Fig. 1. CRISPR-Cas9-mediated globin gene targeting induces Chr11p terminal deletions in HEK cells.

Fig. 1

a Experimental design. HEK293T cells edited with Cas9 nuclease RNP and sets of gRNA corresponding to protocols #1 to #3. Map of β-globin genes, telomeric downstream SNP genes (RRM1) and FISH probes. LOH, loss of heterozygosity; SNP, single-nucleotide polymorphism; FISH, fluorescent in situ hybridization; CGH, comparative genomic hybridization. b Illustrative Chr11 DNA-FISH in HEK cells. Scale-bar: 5 µm.
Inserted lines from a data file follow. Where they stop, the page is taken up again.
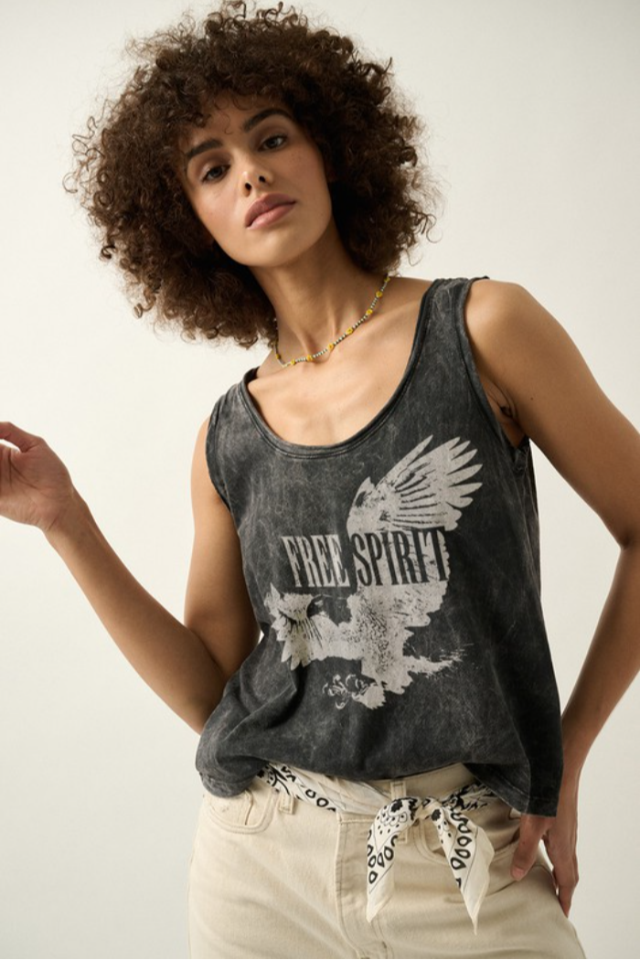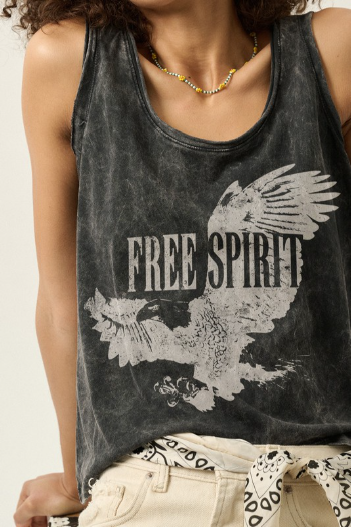 Vintage-style graphic of a flying eagle with "Free Spirit" text print.
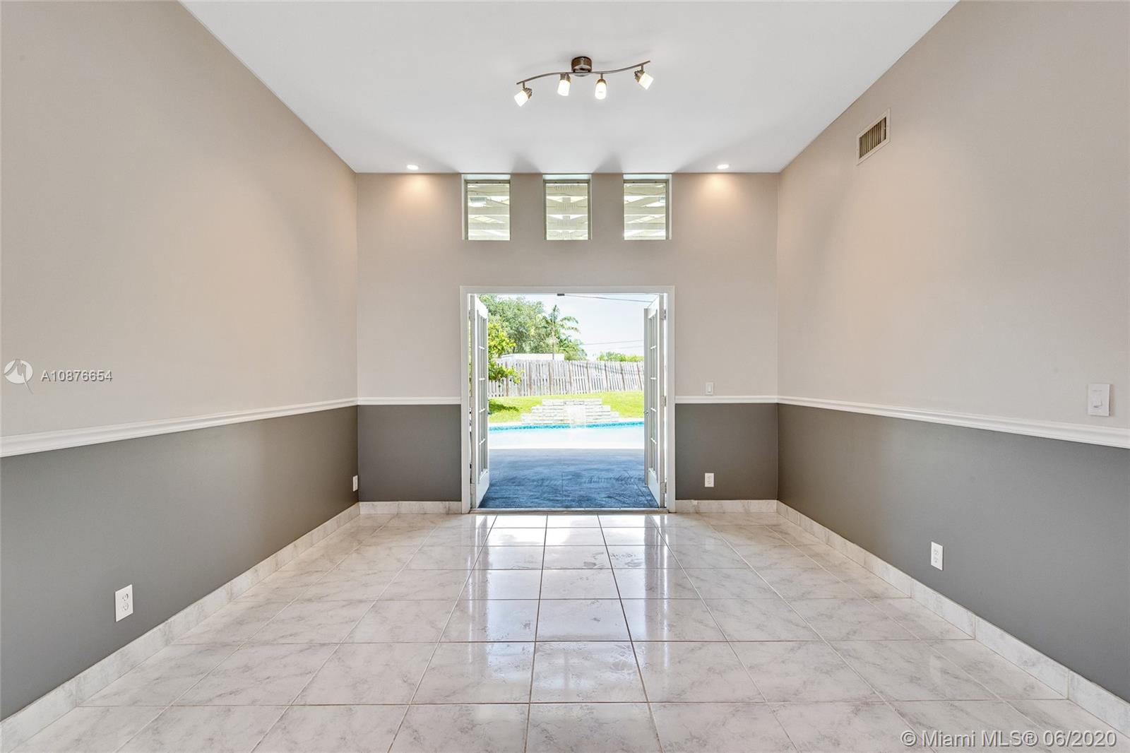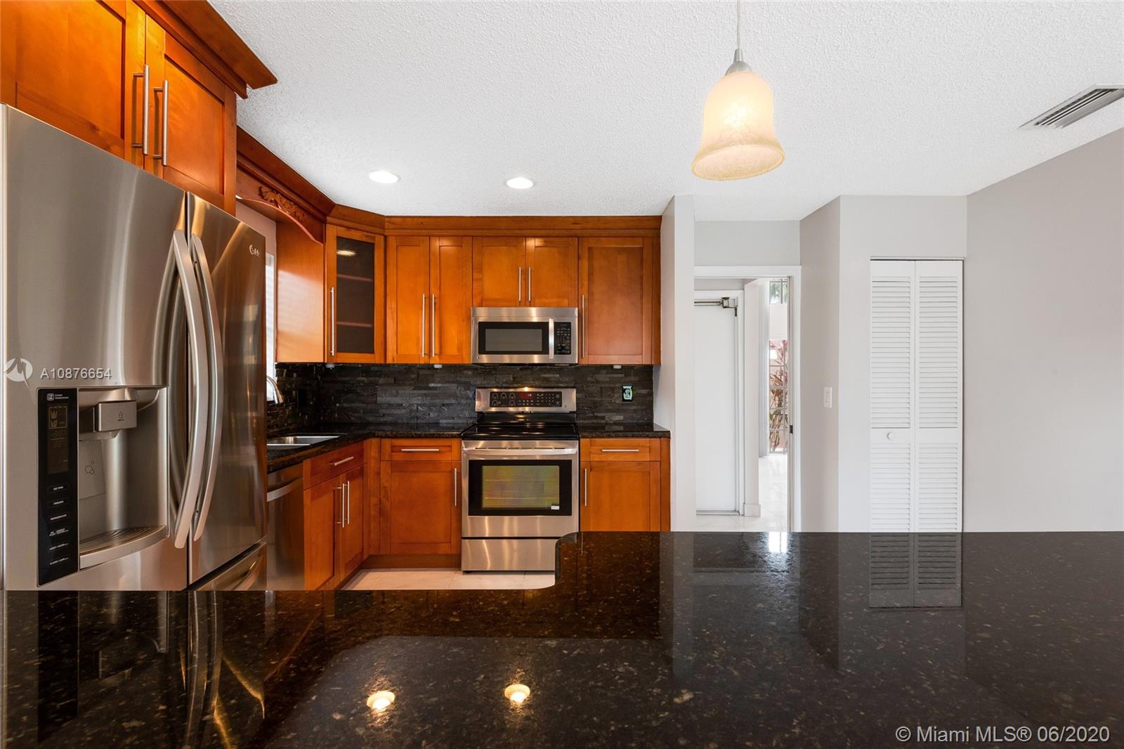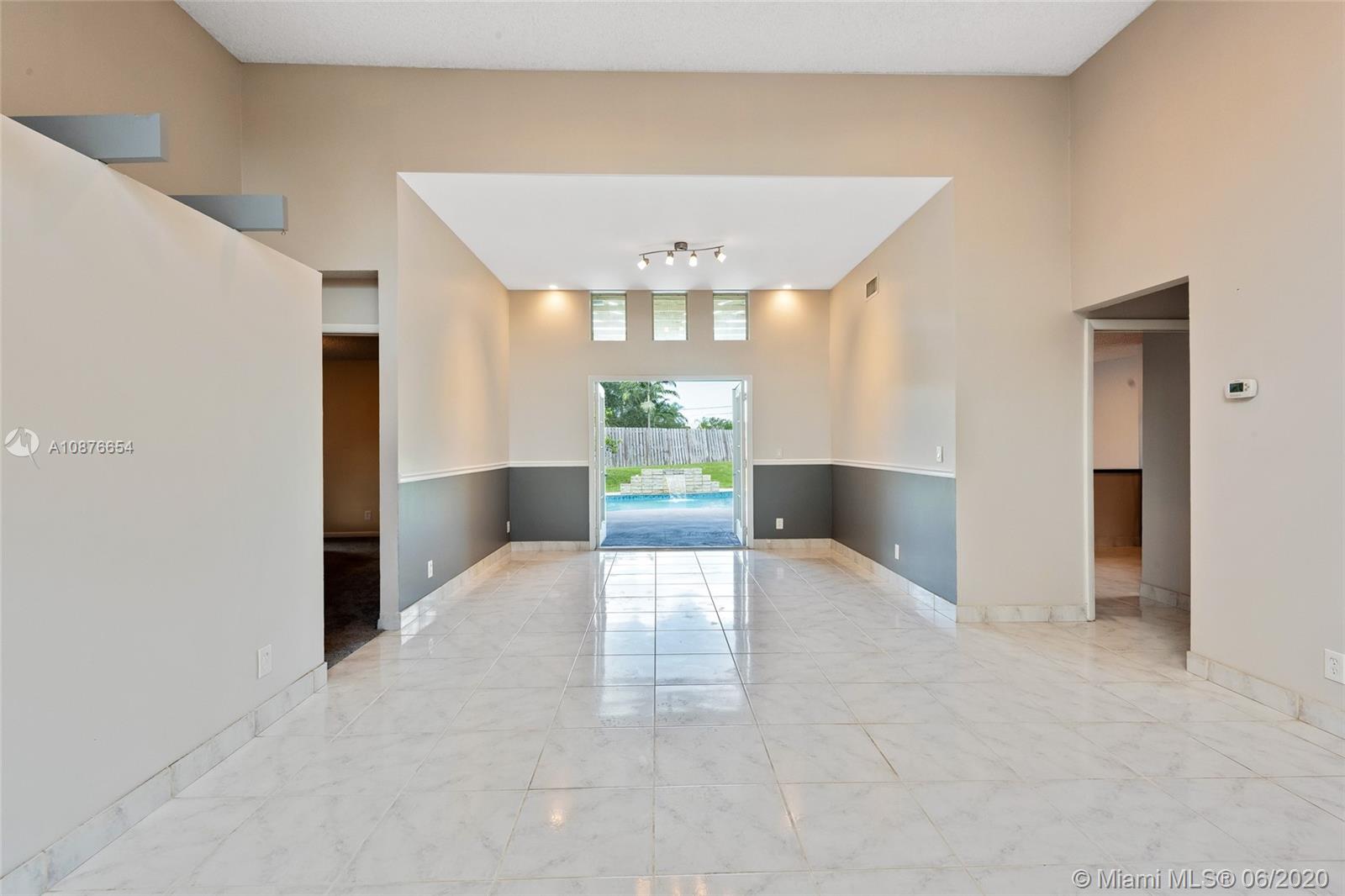 Lovely updated home on one of the largest lots in Springtree Lakes, 10000+sf of fully fenced yard + fruit trees. Pretty shaped salt water pool with cascading fountain. Covered patio with built in BBQ area. Storage shed on side. Interior living areas have been freshly painted. Updated kitchen with SS Appliances. Both baths updated – master has Jacuzzi tub & enhanced lighting. Bedrooms 2 & 3 can be opened up or kept as individual rooms. Spacious living areas with high ceilings & french doors. Home Warranty to buyer for one year at closing. Hurricane panels.
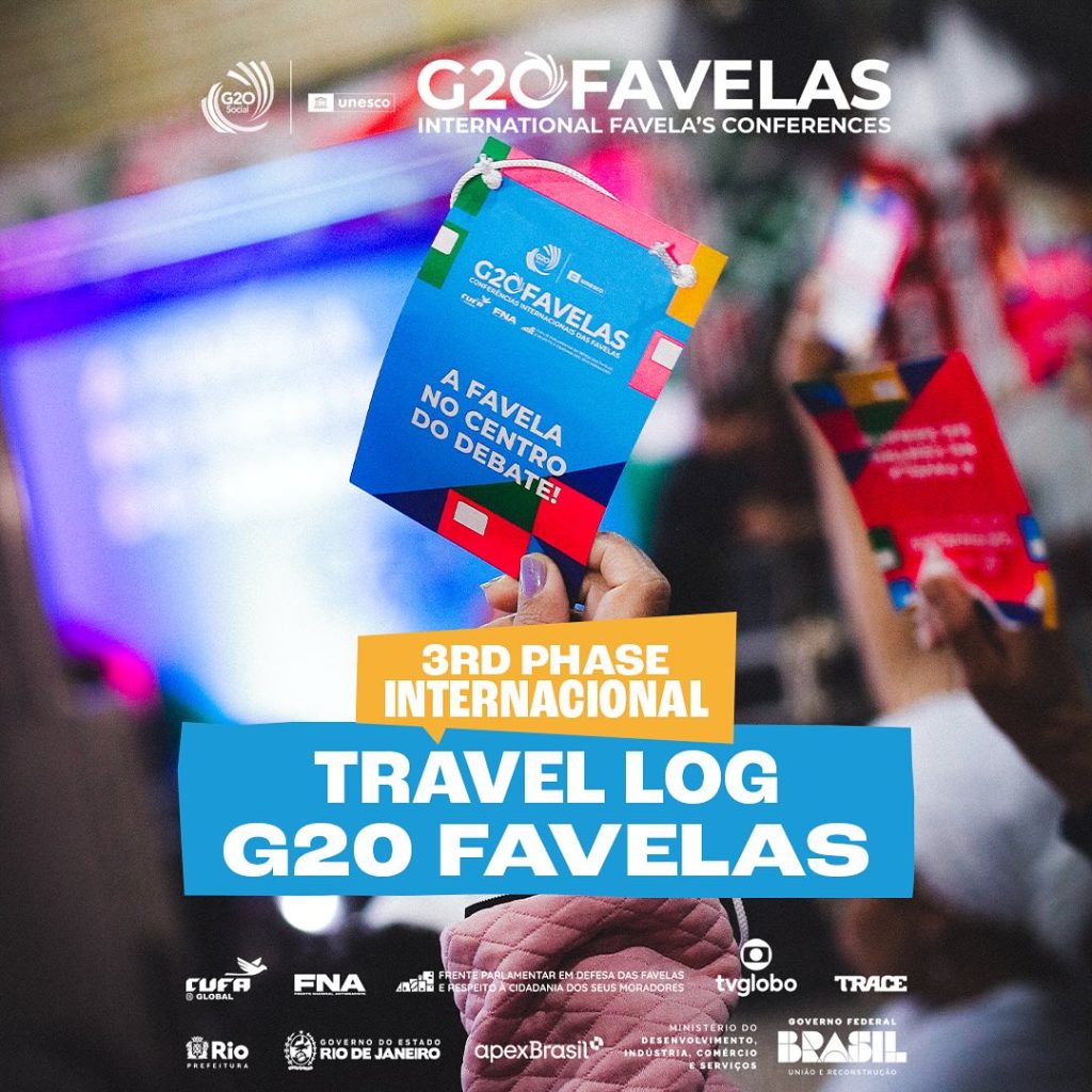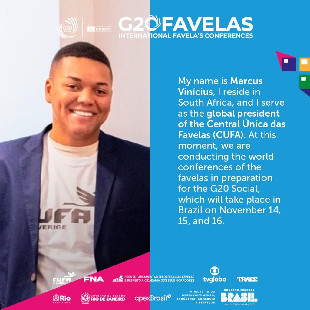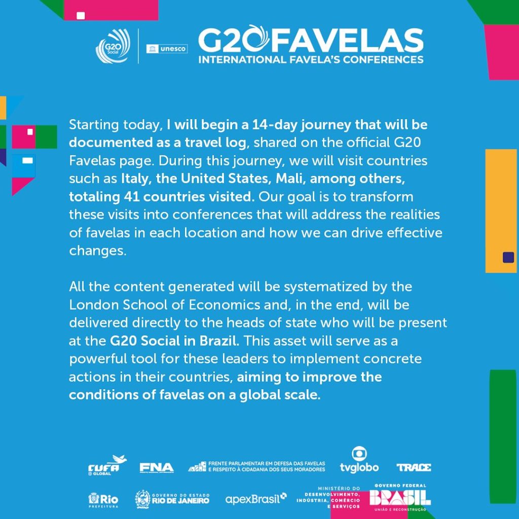 The president of CUFA Global, Marcus Vinícius, has embarked on a 14-day journey, which will be documented as a travel log. During this trip, he will visit countries such as Italy, the United States, and Mali, participating in the International Favelas Conferences, G20 Favelas! 🌍

Polyclonal Chr11 DNA-FISH analysis at D4 (left) and at D18 (right) after editing with protocols #1 to #3. NT: non-transfected. O, Orange sub-centromeric probe; G sub-telomeric Green probe. 3O/3G (in gray), 3O/2G (in red), 2O/3G (in yellow), and 2O/2G (in black) signal percentages are quantified. 3O/2G frequencies after protocols 1–3 were compared to non-transduced cells on same day by two-sided Chi-square tests. n correspond to analyzed cells from each polyclonal pool (1 per protocol). c left: Polyclonal Chr11 DNA-FISH analysis at D4 after editing with protocol #3 (Chr11), without gRNA or targeting another chromosome (UROS locus in Chr10). 3O/2G frequencies targeting Chr10 or without guide RNA were compared to protocol #3 on same day. 3O/2G frequencies targeting Chr10 or without guide RNA were compared by two-sided Chi-square tests. Right: Polyclonal Chr11 DNA-FISH analysis at D4 after editing with protocol #3 (Chr11), and with protocol #3 using HiFi Cas9. 3O/3G, 3O/3G, 2O/3G and 2O/2G signal percentages were quantified. 3O/2G frequencies with protocol #3 using HiFi Cas9 or Cas9 were compared to non-transduced cells by two-sided Chi-square tests. 3O/2G frequencies with protocol #3 using HiFi Cas9 were compared to protocol #3 using Cas9 by two-sided Chi-square tests. O: orange sub-centromeric Chr11 probe, G: green sub-telomeric Chr11p probe. n correspond to analyzed cells from each polyclonal pool (1 per protocol). Source data are provided as a Source Data file.